It’s Tuesday afternoon with my bottom set year 9s, and one voice continuously talks over me as I try to teach. I focus my gaze on the perpetrator, Andrea, but I do not administer the customary telling-off. Why? Because she’s a teaching assistant (TA).
When I ask for silence, she engages a group of children in discussion. As I write notes on the board, she (wrongly) questions some of the facts and asks whether my spelling is definitely right. Then she suggests an alternative method to a calculation, which the children love because it looks easier, but is conceptually inaccurate. I am beginning to feel like the bad guy in my own classroom.
This has been going on for a long time, and it’s ruining my lessons. I’ve tried to have an honest conversation with her, but she always thinks she knows best. And it’s hard for me; I am not her manager and she is not accountable to me.
I know it isn’t always this way. I’ve worked with plenty of TAs who are experts in their area of special educational needs (SEN), conscientious about communication and excellent at taking the initiative. I’ve seen a primary TA take an entire class full-time while the teacher was on maternity leave; I’ve seen TAs routinely left to teach classes with absolutely no cover work; and I’ve had some of the best teaching feedback of my career from the eagle-eyed among them.

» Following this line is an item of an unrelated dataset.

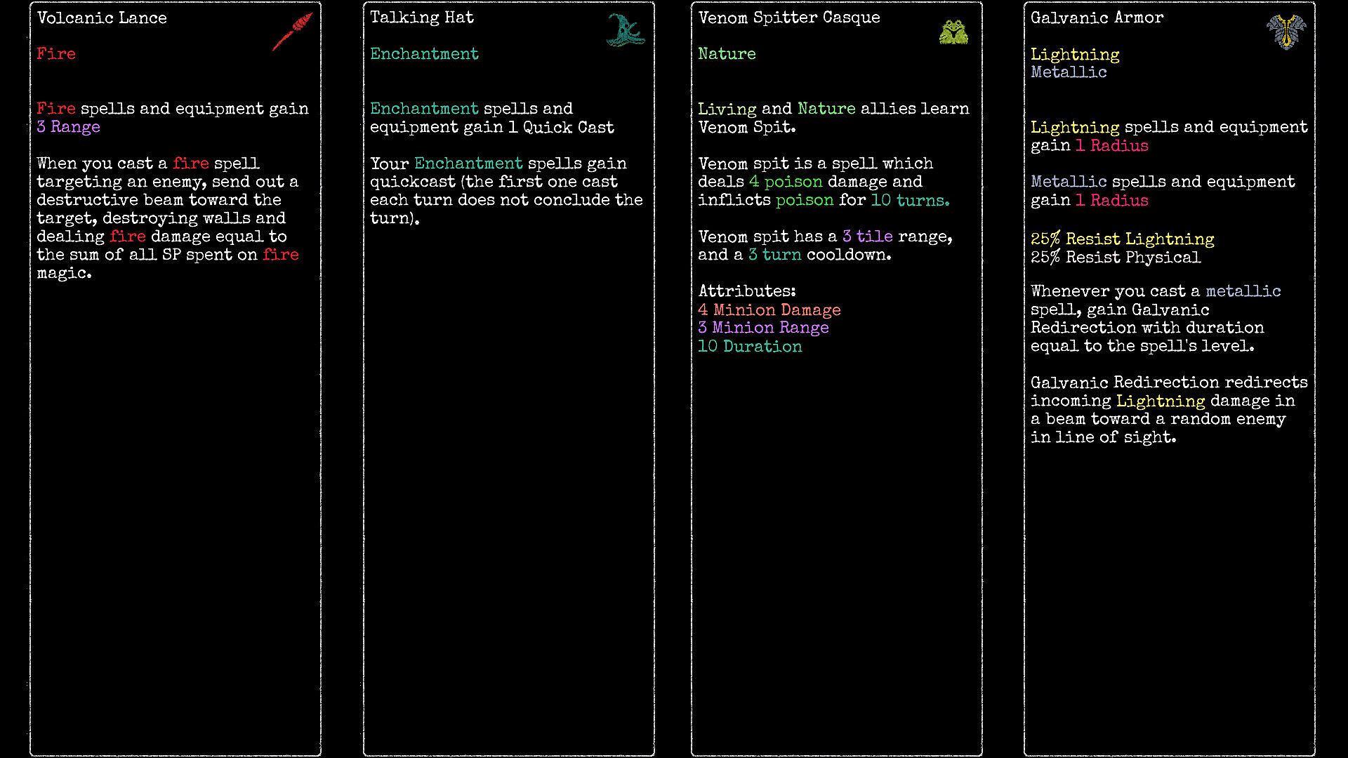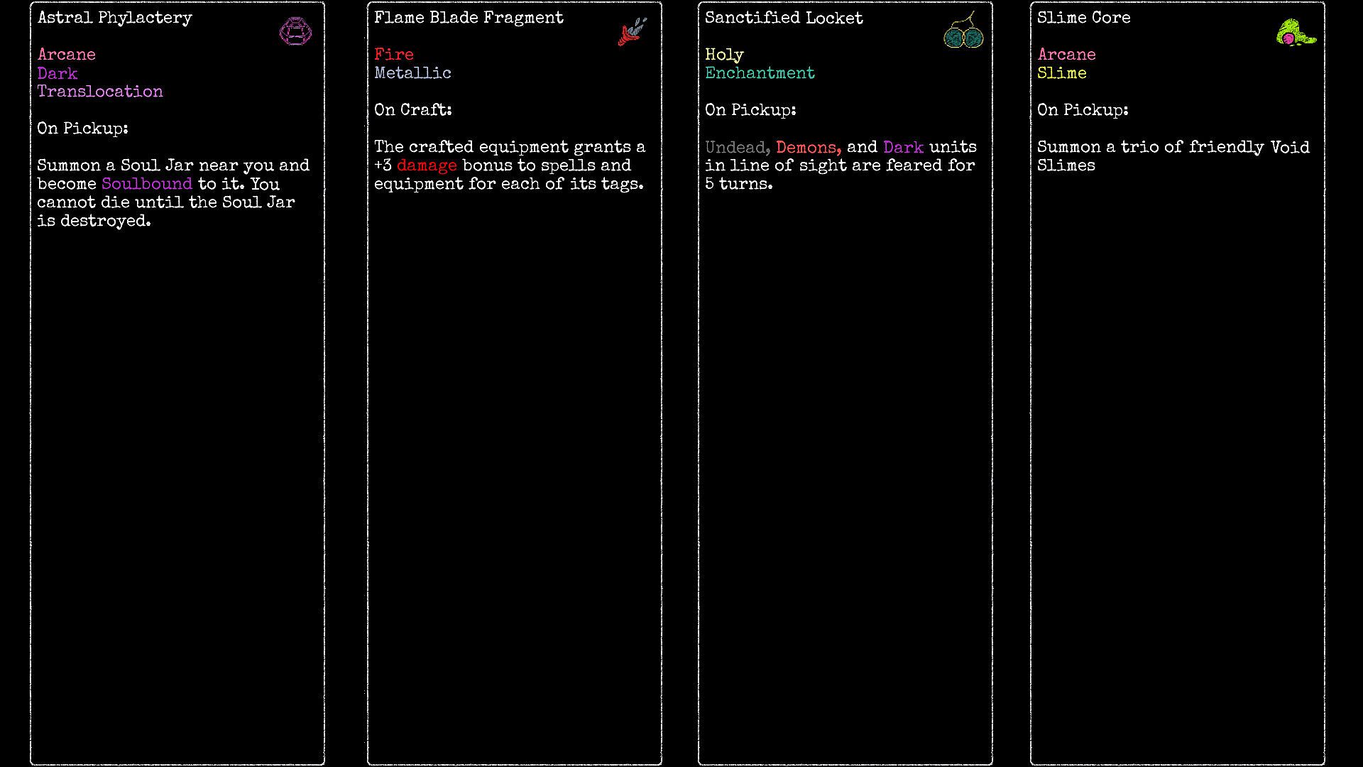 The craftable equipment has a wide variety of effects, ranging from stat bonuses to event triggers. Most passive skills and equipment from the previous games have been brought back in some form as craftable equipment, and more than a hundred new items have been added to the game. Make lightning fly out of your arcane damage, commandeer enemy spawners, give your demon summons fire breath, the possibilities are endless!

But it all seems very hit-and-miss; Andrea isn’t the only one who has led my students in the wrong direction. Some TAs do far too much for pupils – underlining their work, whispering what to write or even writing it for them. I remember starting one lesson with a mental arithmetic test, telling the children to sit down and work in silence, only for a TA to go over and explain how to complete the questions to a small group. A TA was absent from my class recently and the boy she normally works with said it was nice to “be on my own to get on with things”.
The problem is partly that communication between teachers and TAs is non-existent. The school hierarchy means that the two groups are usually kept apart, with meetings often held separately. TAs aren’t always privy to the issues we are facing, or the conversations we have about how to deal with everyday classroom problems.
In fact, TAs only seem to be told the minimum they need to know – usually timetabling and some SEN information about pupils. For everything else, they are expected to look up the relevant information before each lesson or go and find the teacher for clarification. But I’m lucky if I manage to snatch a hurried conversation with my TAs once a week – and I only manage that because I try hard to make time for these crucial dialogues.
There’s so much more that schools could do – timetabling weekly meetings, making sure that TAs are at staff briefings, and involving teachers in the line management of TAs, for starters. If it was clear that Andrea was accountable to me for her actions, and there were channels for our communication, the problems I am having with her could have been dealt with or passed to my line manager much earlier on. As it stands, the situation has gone so far that I don’t know how to deal with it.
There needs to be far more investment in TAs’ skills too. Andrea is not nasty or difficult – she just lacks the training to be an asset in the classroom. Even higher-level teaching assistants (HLTAs) can be out of their depth with classroom basics. They will often just shout at children, rather than managing behaviour in a positive way with rewards and sanctions, warnings and stepped consequences. They don’t seem to understand that empty threats are the nemesis of good behaviour management.
I know it’s not an easy job, especially without good communication or much training. TAs in secondary schools can work with 10 or 20 different teachers in one week – all expecting different things, all prone to good and bad days. Many TAs work across numerous subjects, and even if they are linked to a single department, they can be dealing with huge variations in content from key stage 3 to GCSE and A-level. It’s even trickier in primary, where TAs and HLTAs are now routinely expected to take classes.
But feel sorry for them though I do, enjoy their company as I do, and feel guilty for saying this as I do – the majority of the time, TAs add nothing to my lessons.
Teaching is a uniquely stressful job and we are struggling to recruit and retain. If we could make it so that our TAs were consistently trained and managed well enough to really contribute to schools, this could be part of the solution. TAs could be mentors and role models to young people, if only we could make it easier for them to do their jobs well.